Using DFA algorithm to realize text filtering

Keywords: Java

I. Introduction to DEA algorithm

DFA is the only good algorithm to implement text filtering.

The full name of DFA is Deterministic Finite Automaton, that is, Deterministic Finite Automaton. It is characterized by a finite set of States and some edges from one state to another. Each edge is marked with a symbol, one of which is the initial state and some of which is the final state. However, unlike the uncertain finite automata, there will not be two edge markers from the same state in DFA with the same symbol.

Simply put, it is to get the next state through event and current state, that is, event + state= nextstate. It is understood that there are multiple nodes in the system, which determine which route to take to another node by passing the incoming event, while the nodes are limited.

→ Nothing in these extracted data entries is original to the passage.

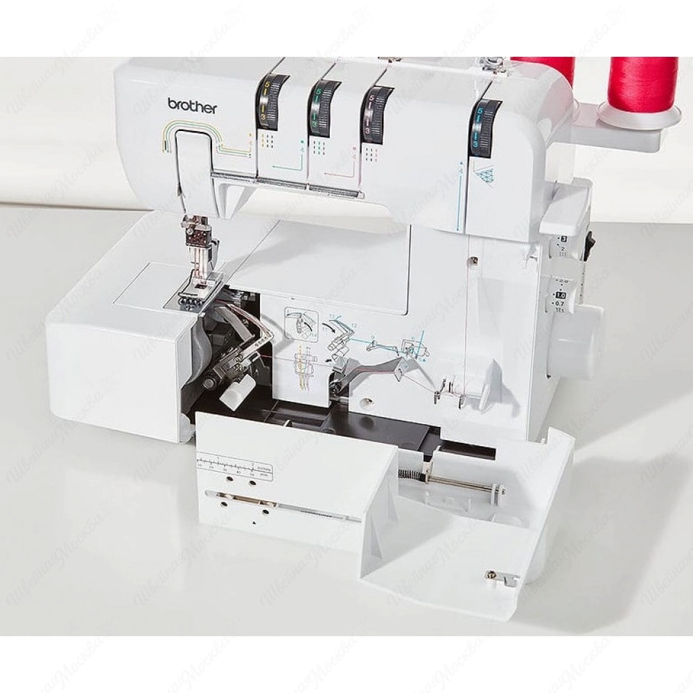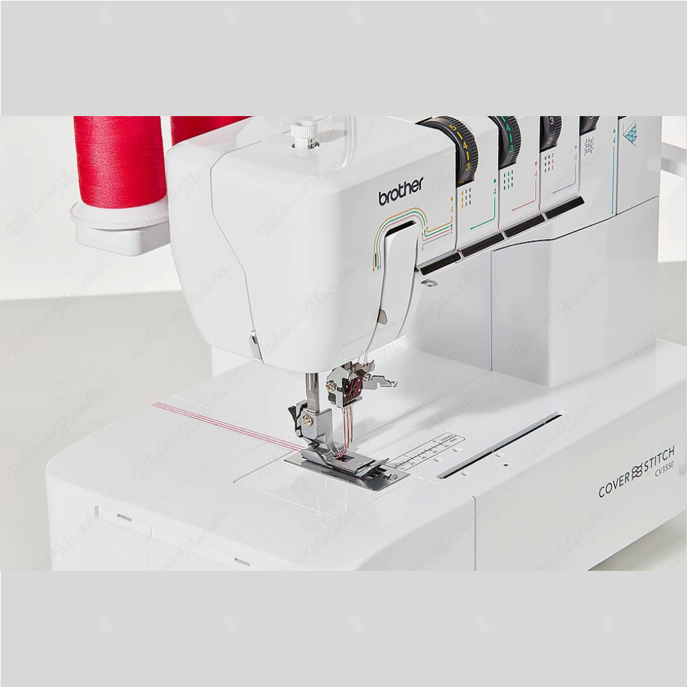 Brother CV 3550 воспроизводит 7 операций и работает с 5-ю нитями. Функция упрощенной заправки нити, которой снабжено устройство, значительно ускоряет данный процесс, увеличенное рабочее пространство позволяет заниматься шитьем с полным комфортом, а светодиодное освещение, расположенное на корпусе машины, снижает нагрузку на глаза при шитье в темное время суток. Благодаря регулятору, отвечающему за давление лапки, и функции дифференциальной подачи материала, удается достигнуть наивысшего качества строчек. Конструкцией предусмотрено наличие рукавной платформы, облегчающей процесс обработки мелких и узких деталей одежды.
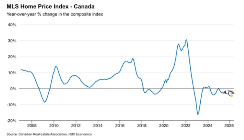 加拿大星星生活捷克佳/每年春季通常是房地产市场最活跃的时段,但2026年的加拿大楼市,却呈现出截然不同的景象——成交低迷、价格下行、信心不足。 在高利率、经济不确定性以及全球局势动荡的多重压力下,加拿大房地产市场正进入一个关键转折点。 **房价连跌四年,市场成交疲弱 自疫情初期房价飙升后,加拿大房地…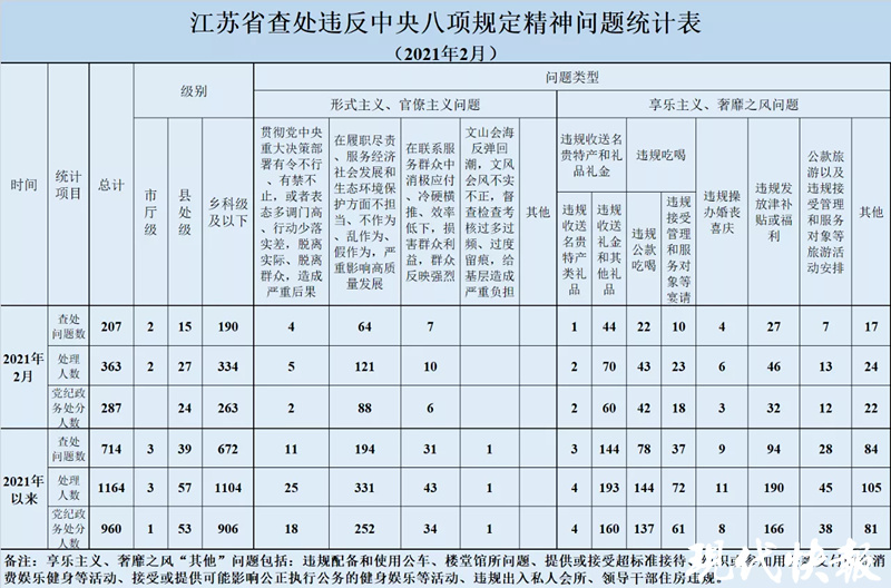 2月江蘇查處違反中央八項(xiàng)規(guī)定精神問(wèn)題2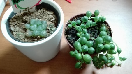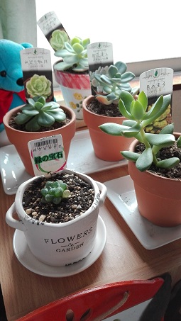 | 11月14日(月) タニク~ラブ・ちょっと追記 先日、植え替えをした我が家の多肉植物たち。 あのときあまりにちっこかったので買ったときのままにしていたハオルチア・オブツーサ。 こちらもちょっぴり育ってきたので、本日植え替えました。 ![]() 前回、グリーンネックレスを植え替えたのと同じ、100円均一の植木鉢。こちらの真ん中にぷっくりと(^^) 現在、パソコン横の棚の上に置き、いつでも眺められて幸せ(^^) このハオルチア・オブツーサ。どこまで大きくなるかはわからないけど、キラキラぷくぷく可愛く育て~\(^0^)/ |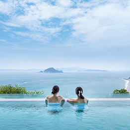 天空露天風呂や足湯と、様々なお風呂を満喫していただけます。四季折々の三河湾を眺めながらのんびりお過ごしください。
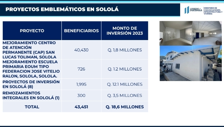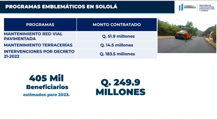 También, a través del Ministerio de Comunicaciones, Infraestructura y Vivienda, se beneficiará a 758 mil usuarios y mil 203 familias. Por ello, la cartera destinará para Sololá 679.3 millones de quetzales para ejecutar iniciativas como: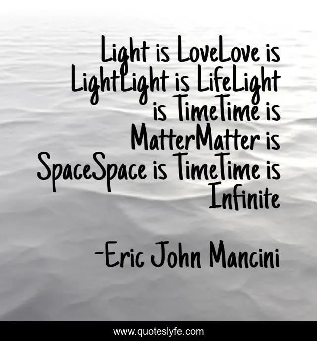This page presents the quote "Light is LoveLove is LightLight is LifeLight is TimeTime is MatterMatter is SpaceSpace is TimeTime is Infinite". Author of this quote is Eric John Mancini. This quote is about love, light-is-love, light, space, time, affection,.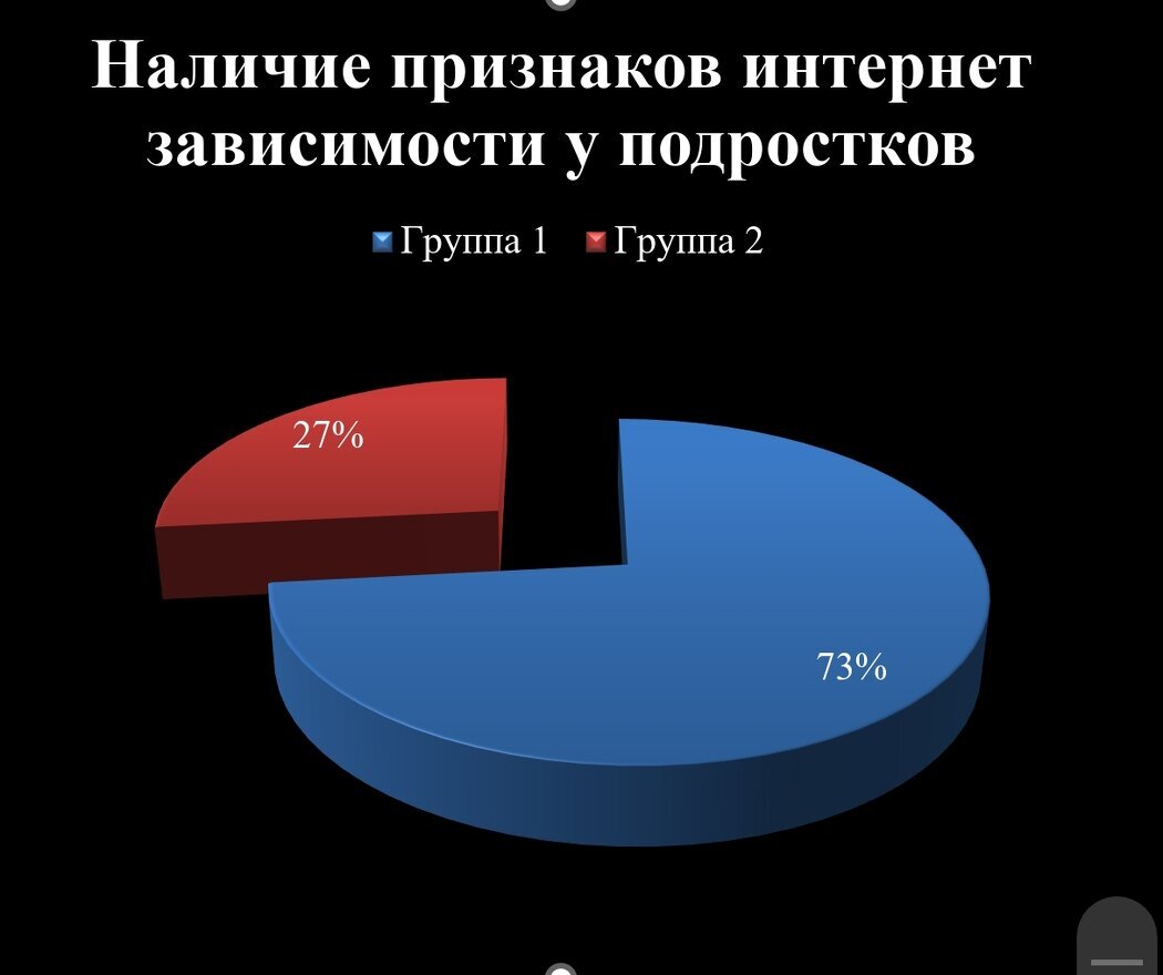 В исследовании участвовало 30 подростков из разных классов одной возрастной категории. Возраст респондентов 16-18 лет. Далее все испытуемые были поделены по результатам методики CIAS на две группы: с признаками интернет зависимости и без них (далее группа 1 и группа 2)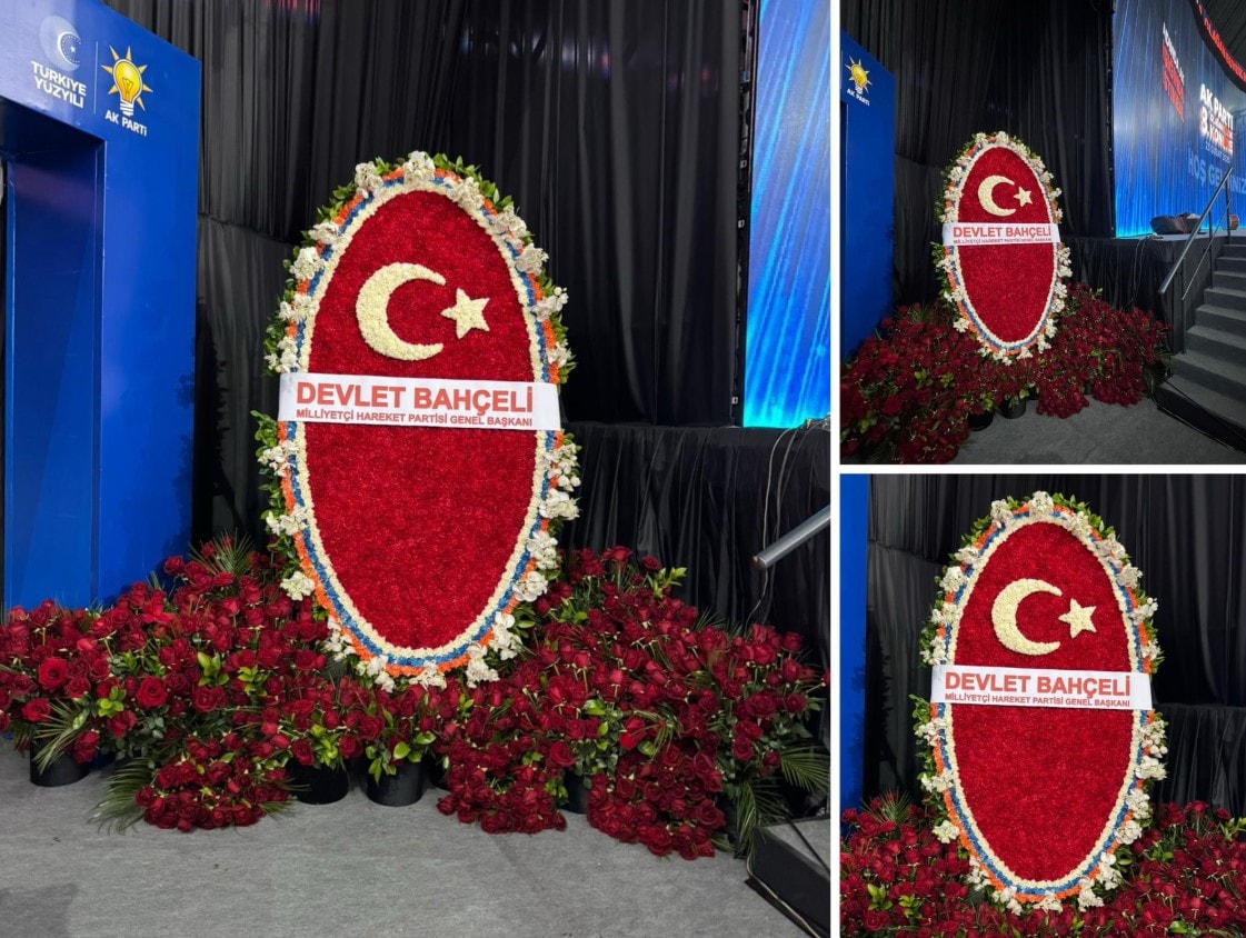 MHP Genel Başkanı Devlet Bahçeli, AKP'nin 8'inci Olağan Büyük Kongresi'ne gül, orkide ve karanfilden oluşan özel hazırlanmış bir çiçek gönderdi.

II. DEA algorithm practice sensitive word filtering

1. Construction of sensitive Thesaurus

In this paper, two sensitive words, Wang Badan and Wang babangzi, are described. First, a sensitive thesaurus is constructed, which is named sensitive map. The binary tree of these two words is constructed as follows:

The hash table is constructed as follows:

{
    "king":{
        "isEnd":"0",
        "Eight":{
            "Lambs":{
                "son":{
                    "isEnd":"1"
                },
                "isEnd":"0"
            },
            "isEnd":"0",
            "egg":{
                "isEnd":"1"
            }
        }
    }
}

How to implement this data structure with code?

    /**
     * Read the sensitive words, put the sensitive words into the HashSet, and build a DFA algorithm model
     *
     * @param keyWordSet Sensitive Thesaurus
     */
    public Map<String, Object> addSensitiveWordToHashMap(Set<String> keyWordSet) {
        //Initialize sensitive word container to reduce expansion operation
        Map<String, Object> map = new HashMap(Math.max((int) (keyWordSet.size() / .75f) + 1, 16));
        //Iteration keyWordSet
        for (String aKeyWordSet : keyWordSet) {
            Map nowMap = map;
            for (int i = 0; i < aKeyWordSet.length(); i++) {
                //Convert to char
                char keyChar = aKeyWordSet.charAt(i);
                //Obtain
                Object wordMap = nowMap.get(keyChar);
                //If the key exists, assign it directly
                if (wordMap != null) {
                    nowMap = (Map) wordMap;
                } else {     //If not, build a map and set isEnd to 0
                    Map<String, String> newWorMap = new HashMap<>(3);
                    newWorMap.put("isEnd", "0");
                    nowMap.put(keyChar, newWorMap);
                    nowMap = newWorMap;
                }
                //Judge the last
                if (i == aKeyWordSet.length() - 1) {
                    nowMap.put("isEnd", "1");
                }
            }
        }
        return map;
    }

2. Sensitive word filtering

Use the sensitive map constructed by the above example as the sensitive thesaurus for illustration. Suppose that the key words entered here are: Wang Ba is not good, and the flow chart is as follows:

How to implement the flow chart logic with code?

    /**
     * Find if the string contains sensitive characters
     *
     * @param txt String entered
     * @return If it exists, the sensitive string is returned; if it does not exist, the empty string is returned
     */
    public static String findSensitiveWord(String txt) {
        SensitiveWordInit sensitiveWordInit = SpringContextHolder.getBean(SensitiveWordInit.class);
        Map<String, Object> sensitiveWordMap = sensitiveWordInit.getSensitiveWordMap();
        StringBuilder sensitiveWord = new StringBuilder();
        // End marker of sensitive words, indicating that they are matched to the last digit
        boolean flag = false;
        for (int i = 0; i < txt.length(); i++) {
            char word = txt.charAt(i);
            // Get the specified key
            sensitiveWordMap = (Map) sensitiveWordMap.get(word);
            // No, no sensitive words are returned directly
            if (sensitiveWordMap == null) {
                break;
            }
            //Exist, store the sensitive word and judge whether it is the last
            sensitiveWord.append(word);
            //End loop if last match rule
            if ("1".equals(sensitiveWordMap.get("isEnd"))) {
                flag = true;
                break;
            }
        }
        // The expression matches to the whole sensitive word
        if (flag == true) {
            return sensitiveWord.toString();
        }
        return "";
    }

III. optimization ideas

For words like "Wang * Ba & & Dan", meaningless characters are filled in the middle to confuse. When we do sensitive word search, we should also do a meaningless word filter. When we cycle to such meaningless characters, we should skip them to avoid interference.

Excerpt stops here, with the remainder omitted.